Why This Is Important

The impact of the coronavirus epidemic on higher education is ongoing. According to the Chronicle of Higher Education, the sector has lost about 650,000 jobs since February 2020 and there is still tremendous uncertainty regarding how colleges and university will fare next year. Nevertheless, the bill is a sincere testament to federal support for higher education and hopefully will provide some much-needed relief to both campuses and students.

It is unclear whether additional funding might be included in future legislation. However, many Republican members of Congress balked at the overall price tag associated with the American Recovery Plan Act. Given that vaccine delivery is steadily improving and some states are already revising reopening plans, any additional support will likely be smaller and more targeted.

Questions for Board Members

  1. What are the most urgent needs of your institution, system, and/or foundation?
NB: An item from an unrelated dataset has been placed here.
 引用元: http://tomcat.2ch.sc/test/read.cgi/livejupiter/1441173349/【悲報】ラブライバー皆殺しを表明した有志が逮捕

  2. Does your institution and/or institutionally related foundation qualify for a PPP or EIDL loan? Is your institution and/or institutionally related foundation eligible?
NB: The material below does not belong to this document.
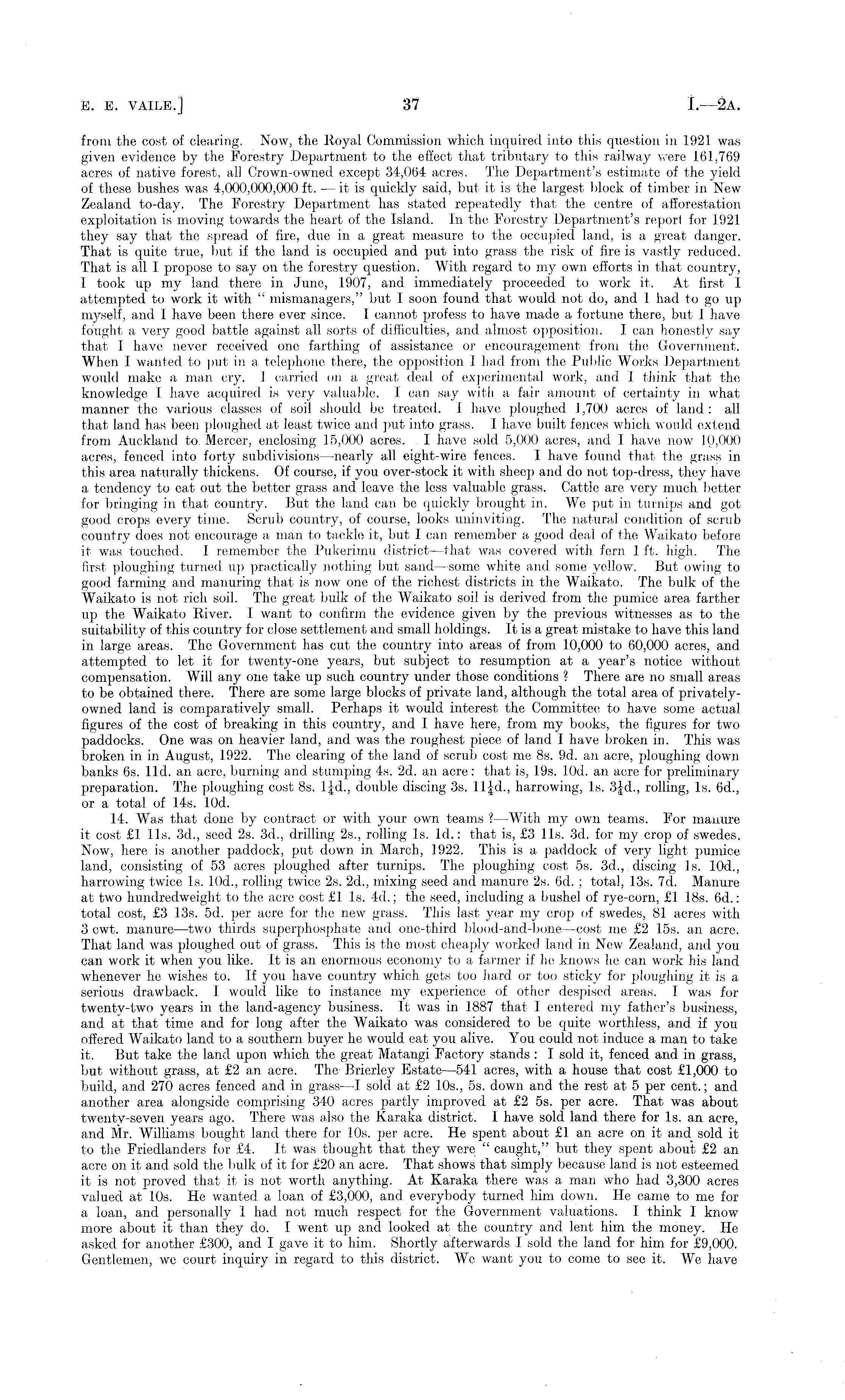 from the cost of clearing. Now, the lloyal Commission which inquired into this question in 1921 was given evidence by the Forestry Department to the effect that tributary to this railway were 161,769 acres of native forest, all Crown-owned except 34,064 acres. The Department's estimate of the yield of these bushes was 4,000,000,000 ft. — it is quickly said, but it is the largest block of timber in New Zealand to-day. The Forestry Department has stated repeatedly that the centre of afforestation exploitation is moving towards the heart of the Island. In the Forestry Department's report for 1921 they say that the spread of fire, due in a great measure to the occupied land, is a great danger. That is quite true, but if the land is occupied and put into grass the risk of fire is vastly reduced. That is all I propose to say on the forestry question. With regard to my own efforts in that country, I took up my land there in June, 1907, and immediately proceeded to work it. At first I attempted to work it with " mismanagers," but I soon found that would not do, and I had to go up myself, and 1 have been there ever since. I cannot profess to have made a fortune there, but 1 have fought a very good battle against all sorts of difficulties, and almost opposition. I can honestly say that I have never received one farthing of assistance or encouragement from the Government. When I wanted to put in a telephone there, the opposition I had from the Public Works Department would make a man cry. I carried on a great deal of experimental work, and 1 think that the knowledge I have acquired is very valuable. I can say with a fair amount of certainty in what manner the various classes of soil should be treated. I have ploughed 1,700 acres of land: all that land has been ploughed at least twice and put into grass. I have built fences which would extend from Auckland to Mercer, enclosing 15,000 acres. I have sold 5,000 acres, and I have now 10,000 acres, fenced into forty subdivisions —nearly all eight-wire fences. I have found that the grass in this area naturally thickens. Of course, if you over-stock it with sheep and do not top-dress, they have a tendency to eat out the better grass and leave the less valuable grass. Cattle are very much better for bringing in that country. But the land can be quickly brought in. We put in turnips and got good crops every time. Scrub country, of course, looks uninviting. The natural condition of scrub country does not encourage a man to tackle it, but I can remember a good deal of the Waikato before it was touched. I remember the Pukerimu district —that was covered with fern 1 ft. high. The first ploughing turned up practically nothing but sand —some white and some yellow. But owing to good farming and manuring that is now one of the richest districts in the Waikato. The bulk of the Waikato is not rich soil. The great bulk of the Waikato soil is derived from the pumice area farther up the Waikato River. I want to confirm the evidence given by the previous witnesses as to the suitability of this country for close settlement and small holdings. It is a great mistake to have this land in large areas. The Government has cut the country into areas of from 10,000 to 60,000 acres, and attempted to let it for twenty-one years, but subject to resumption at a year's notice without compensation. Will any one take up such country under those conditions ? There are no small areas to be obtained there. There are some large blocks of private land, although the total area of privatelyowned land is comparatively small. Perhaps it would interest the Committee to have some actual figures of the cost of breaking in this country, and I have here, from my books, the figures for two paddocks. One was on heavier land, and was the roughest piece of land I have broken in. This was broken in in August, 1922. The clearing of the land of scrub cost me Bs. 9d. an acre, ploughing down banks 6s. 11 d. an acre, burning and stumping 4s. 2d. an acre: that is, 19s. lOd. an acre for preliminary preparation. The ploughing cost Bs. l|d., double discing 3s. lljd., harrowing, Is. 3jd., rolling, Is. 6d., or a total of 14s. lOd. 14. Was that done by contract or with your own teams ? —With my own teams. For manure it cost £1 lis. 3d., seed 2s. 3d., drilling 25., rolling Is. Id.: that is, £3 1 Is. 3d. for my crop of swedes. Now, here is another paddock, put down in March, 1922. This is a paddock of very light pumice land, consisting of 53 acres ploughed after turnips. The ploughing cost ss. 3d., discing Is. 10d., harrowing twice Is. 10d., rolling twice 2s. 2d., mixing seed and manure 2s. 6d. ; total, 13s. 7d. Manure at two hundredweight to the acre cost £1 Is. 4d.; the seed, including a bushel of rye-corn, £1 18s. 6d.: total cost, £3 13s. sd. per acre for the new grass. This last year my crop of swedes, 81 acres with 3 cwt. manure —two thirds superphosphate and one-third blood-and-bone —cost me £2 15s. an acre. That land was ploughed out of grass. This is the most cheaply worked land in New Zealand, and you can work it when you like. It is an enormous economy to a farmer if he knows he can work his land whenever he wishes to. If you have country which gets too hard or too sticky for ploughing it is a serious drawback. 1 would like to instance my experience of other despised areas. I was for twenty-two years in the land-agency business. It was in 1887 that I entered my father's business, and at that time and for long after the Waikato was considered to be quite worthless, and if you offered Waikato land to a southern buyer he would eat you alive. You could not induce a man to take it. But take the land upon which the great Matangi Factory stands : I sold it, fenced and in grass, but without grass, at £2 an acre. The-Brierley Estate —541 acres, with a house that cost £1,000 to build, and 270 acres fenced and in grass—l sold at £2 10s., ss. down and the rest at 5 per cent.; and another area al

  3. What are your governing board and senior leadership team doing—or what can they do—to address the current crisis? For example, are they planning more communication such as additional meetings or calls, appointing special ad hoc committees or task forces, reconfiguring budgets (in light of refunds and lost revenue), etc.? What changes could be or are being made to the operating budget? How about next year’s budget?
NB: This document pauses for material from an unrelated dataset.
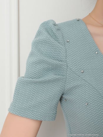 3. 【an/アン】半袖 カットデザイン ワンカラー バストシースルー ビジュー パフスリーブ 飾りポケット フレアミニドレス(aoc3916)

  4. As a result of the pandemic, will you have to revise your enrollment strategy or projections? If so, in what ways? How might your tuition and institutional student aid strategies need to change?
  5. How might the pandemic affect the accessibility of the institution’s long-term assets held within the endowment or held and managed by an affiliated foundation? What actions, strategies, or policies might be considered to effectively utilize available funds needed in the short-term?